The implementation may optimize around the latest compaction item, but the
stored provider window must support multiple `type: "compaction"` items.

## 7. Recommended Implementation Path

### 7.1 Phase 1: Continuation Diagnostics

Before adding remote compaction, fix observability for OpenAI continuation
misses.

For `conversation_not_strict_append_only`, record:

- previous expected prefix length
- current provider input length
- first mismatch index
- item type and stable id on both sides
- redacted previews or hashes
- request shape hash

This should explain whether continuation is failing because of provider item
reconstruction, local prompt projection, tool output grouping, or request-shape
changes.

### 7.2 Phase 2: Provider-Shaped Continuation Window

The OpenAI transport should stop relying on semantic transcript reconstruction
as the only basis for provider continuation.
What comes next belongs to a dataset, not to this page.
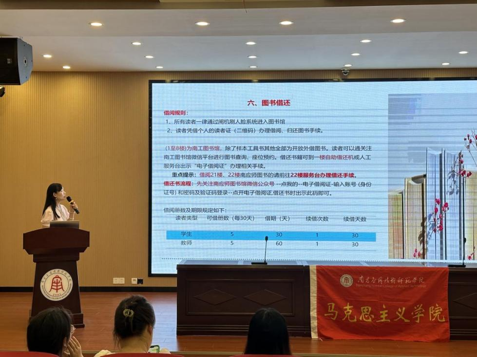 会议第一项议程是校图书馆负责人张春艳发言。她为新生讲解图书馆管理制度并且她表示为鼓励学生积极参与阅读,爱上读书,宣传、倡导和引领读书之风,为打造书香校园,培养阅读习惯,图书馆全体职工将会带领又有朝气蓬勃精神面貌认真履行义务,绝不辜负同学们的信任和期望,大家共同将图书馆的各项工作做好落实好。

Keep an OpenAI-shaped provider window:

- last response id
- request shape hash
- sent input items
- returned output items
- pending incremental input items
- compaction items

Use `previous_response_id` only when the OpenAI-shaped window is still valid.
If the semantic runtime rebuilds the provider window, reset continuation
explicitly.

### 7.3 Phase 3: Standalone Remote Compaction

Implement standalone `/responses/compact` first because it gives Holon an
explicit compaction boundary.

At a stable round boundary:

1. build the OpenAI-shaped provider window
2. call `/responses/compact`
3. validate the returned replacement window
4. store the replacement as the OpenAI provider window
5. record a local semantic shadow checkpoint
6. reset or refresh continuation state according to the returned window

The returned compaction payload should be treated as opaque and replayed as-is.

### 7.4 Phase 4: Server-Side Compaction

Only after standalone compaction is stable should Holon consider server-side
OpenAI compaction through `context_management`.

This mode is more coupled to `previous_response_id` chaining. Holon should not
manually prune provider history in this mode unless the OpenAI API explicitly
returns a replacement window boundary that Holon owns.

## 8. Runtime Trigger Policy

Remote compaction should be budget-driven.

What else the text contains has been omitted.